The task for the listing below is to write out exactly the lines starting at the one containing "- 200PCS Heat" and ending at the one containing "Corner master bedroom with park views", both included. Pictures are to be omitted.

### MATERIAL FOR THIS EXERCISE
=======
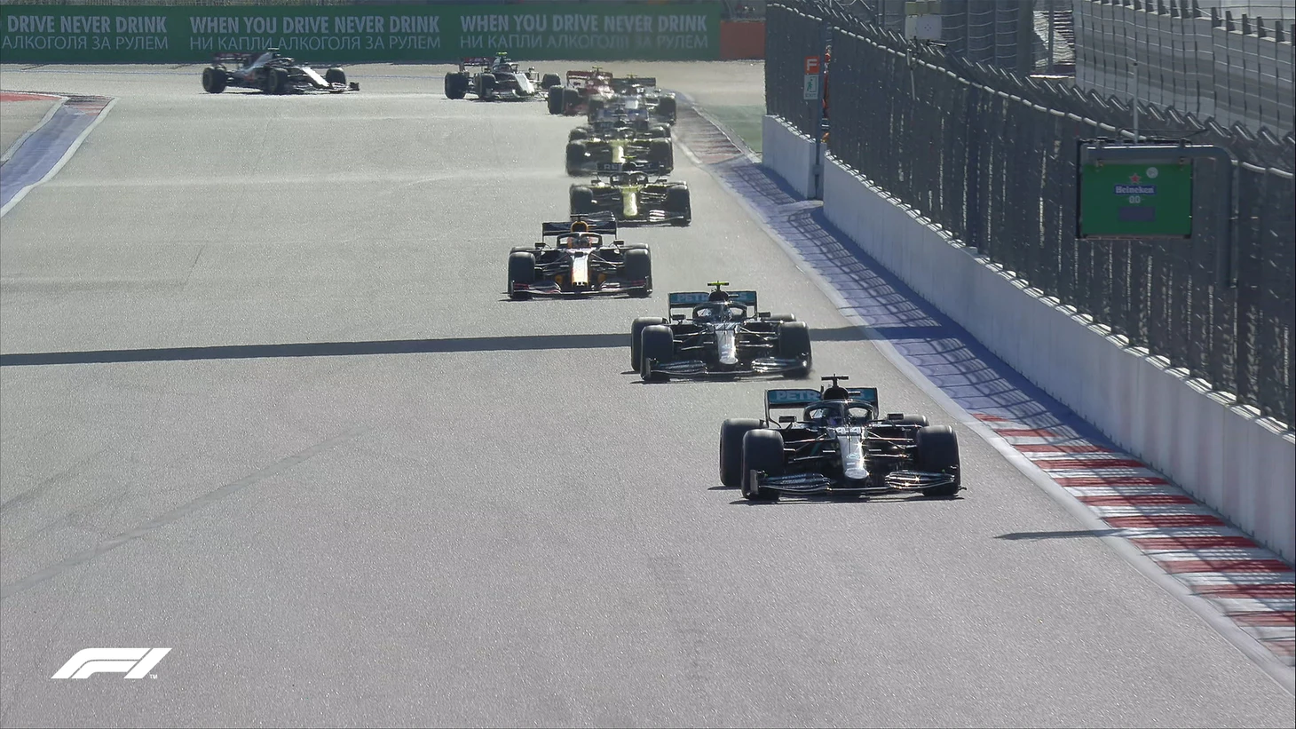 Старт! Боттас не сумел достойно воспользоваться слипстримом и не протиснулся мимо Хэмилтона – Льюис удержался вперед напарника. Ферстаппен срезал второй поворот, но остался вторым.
=======
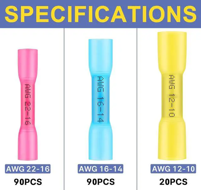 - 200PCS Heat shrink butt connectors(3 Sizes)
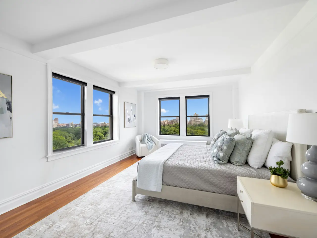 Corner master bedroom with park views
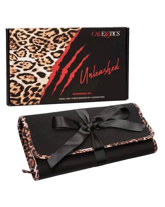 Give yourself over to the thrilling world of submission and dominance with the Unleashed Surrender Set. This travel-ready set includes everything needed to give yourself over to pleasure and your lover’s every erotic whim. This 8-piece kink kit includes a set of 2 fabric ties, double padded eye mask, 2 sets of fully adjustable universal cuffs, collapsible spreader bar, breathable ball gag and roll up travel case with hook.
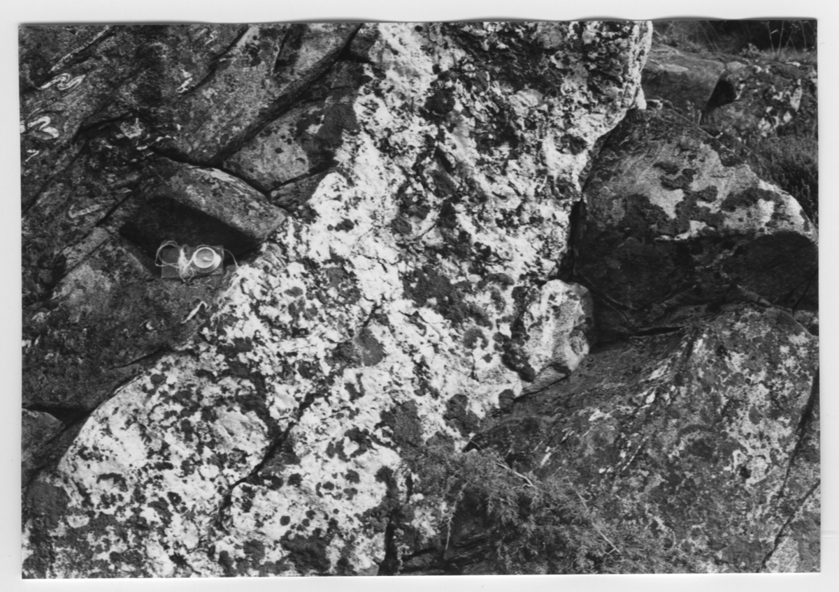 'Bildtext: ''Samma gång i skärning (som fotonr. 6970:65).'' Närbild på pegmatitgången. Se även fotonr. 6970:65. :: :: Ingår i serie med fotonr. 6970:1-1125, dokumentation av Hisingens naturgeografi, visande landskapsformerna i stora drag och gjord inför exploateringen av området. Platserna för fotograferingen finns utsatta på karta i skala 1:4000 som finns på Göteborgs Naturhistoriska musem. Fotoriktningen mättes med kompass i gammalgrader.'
=======
### EXERCISE RESPONSE
 - 200PCS Heat shrink butt connectors(3 Sizes)
 Corner master bedroom with park views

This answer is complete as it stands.